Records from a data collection
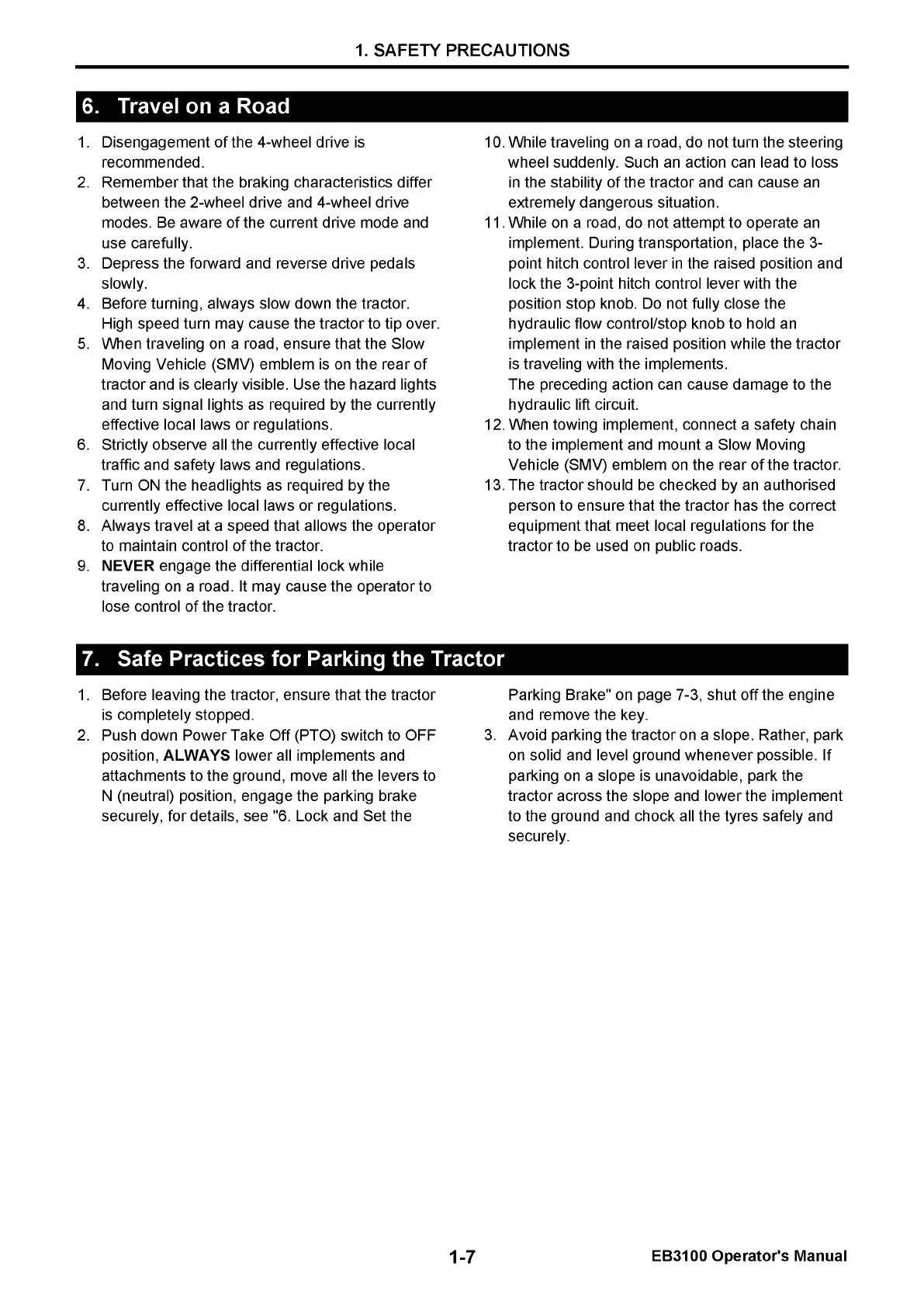 Yanmar EB3100 - Travel on a Road
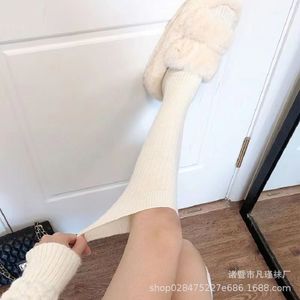 ふくらはぎソックスレディースギャル膝丈ストッキング秋冬甘辛ins純色ベージュ日系ブーツソックス防寒
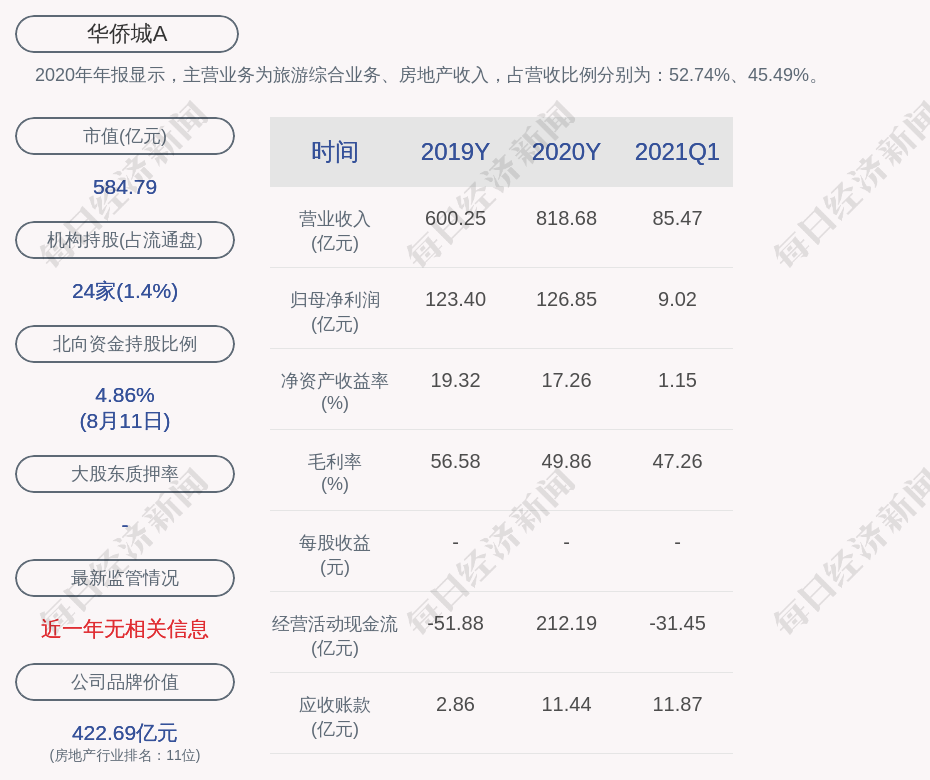 2. 近30日内共有1批机构对华侨城A调研,合计调研的机构家数为1家。更多关键信息,请搜索“道达号”。
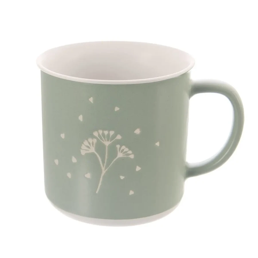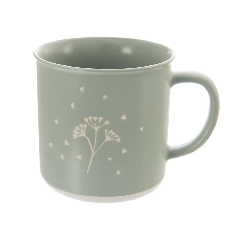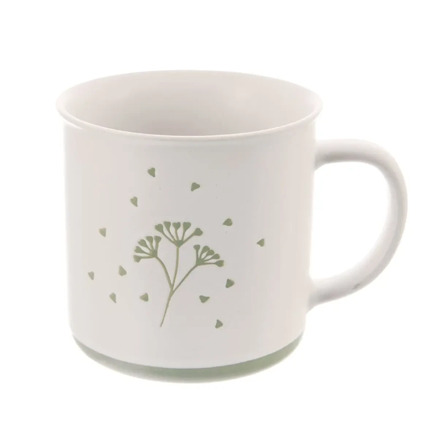 Hrnček s uchom s jemným dekórom GREENISH – Štýlový a svieži spoločník na každý deň
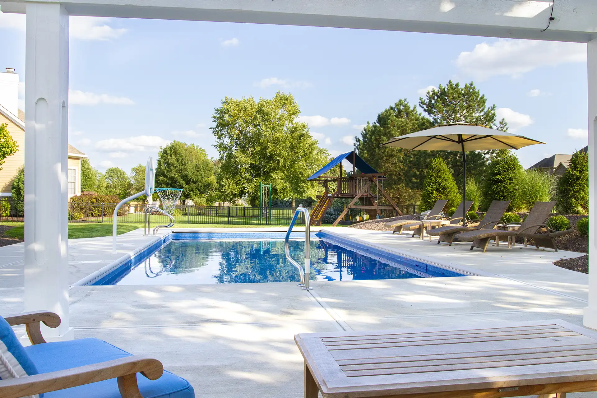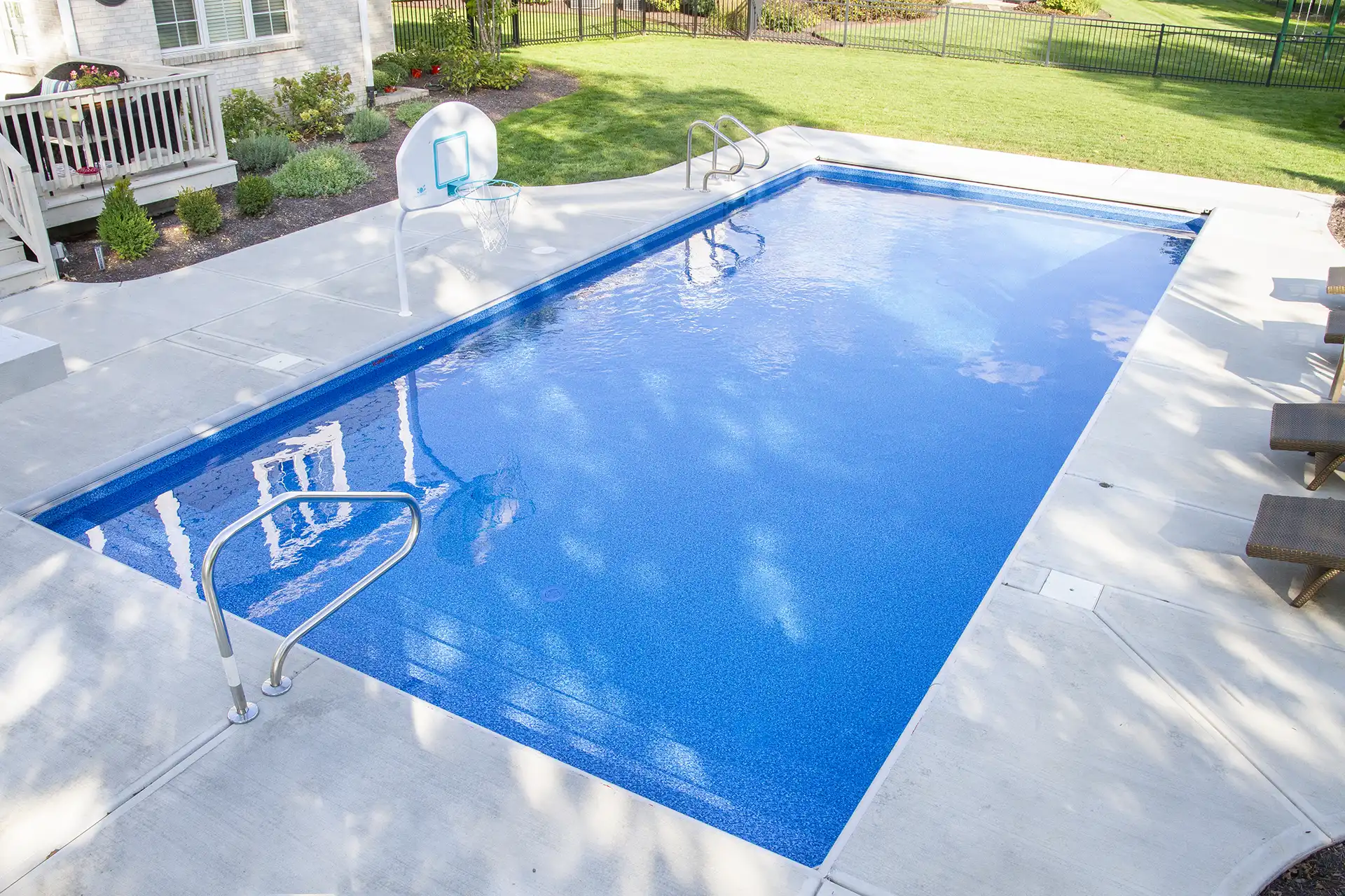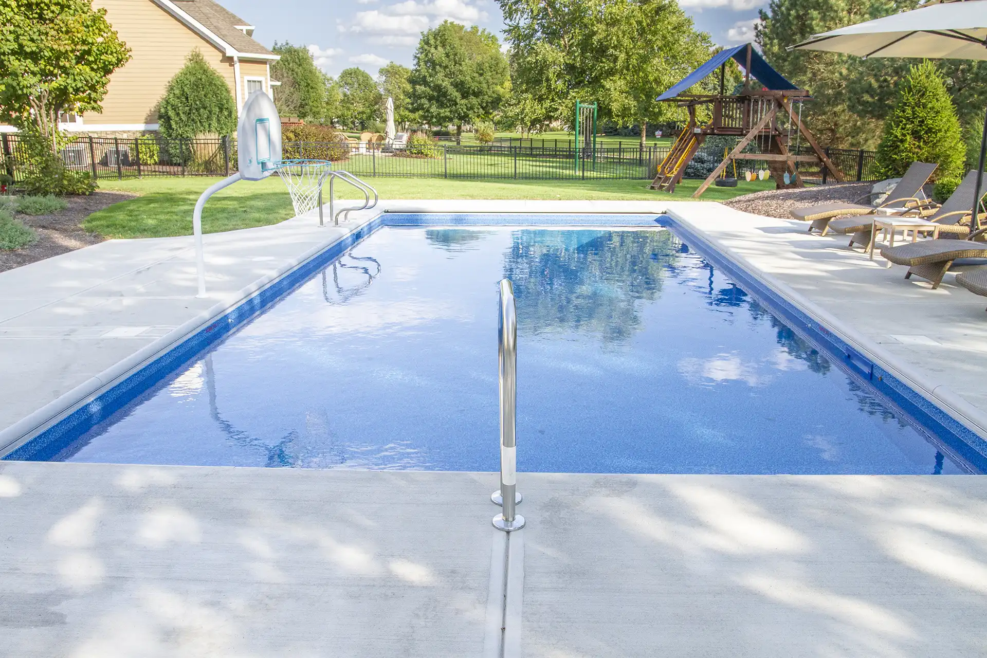 Inviting 16×32 vinyl pool featuring full steps, basketball hoop, in-wall ladder, and pergola.

THE TASK: Starting at the line with "ふくらはぎソックスレディース", reproduce exactly each line through the end of the entries, including the first and the last, and skip the pictures.

TASK SOLUTION:
 ふくらはぎソックスレディースギャル膝丈ストッキング秋冬甘辛ins純色ベージュ日系ブーツソックス防寒
 2. 近30日内共有1批机构对华侨城A调研,合计调研的机构家数为1家。更多关键信息,请搜索“道达号”。
 Hrnček s uchom s jemným dekórom GREENISH – Štýlový a svieži spoločník na každý deň
 Inviting 16×32 vinyl pool featuring full steps, basketball hoop, in-wall ladder, and pergola.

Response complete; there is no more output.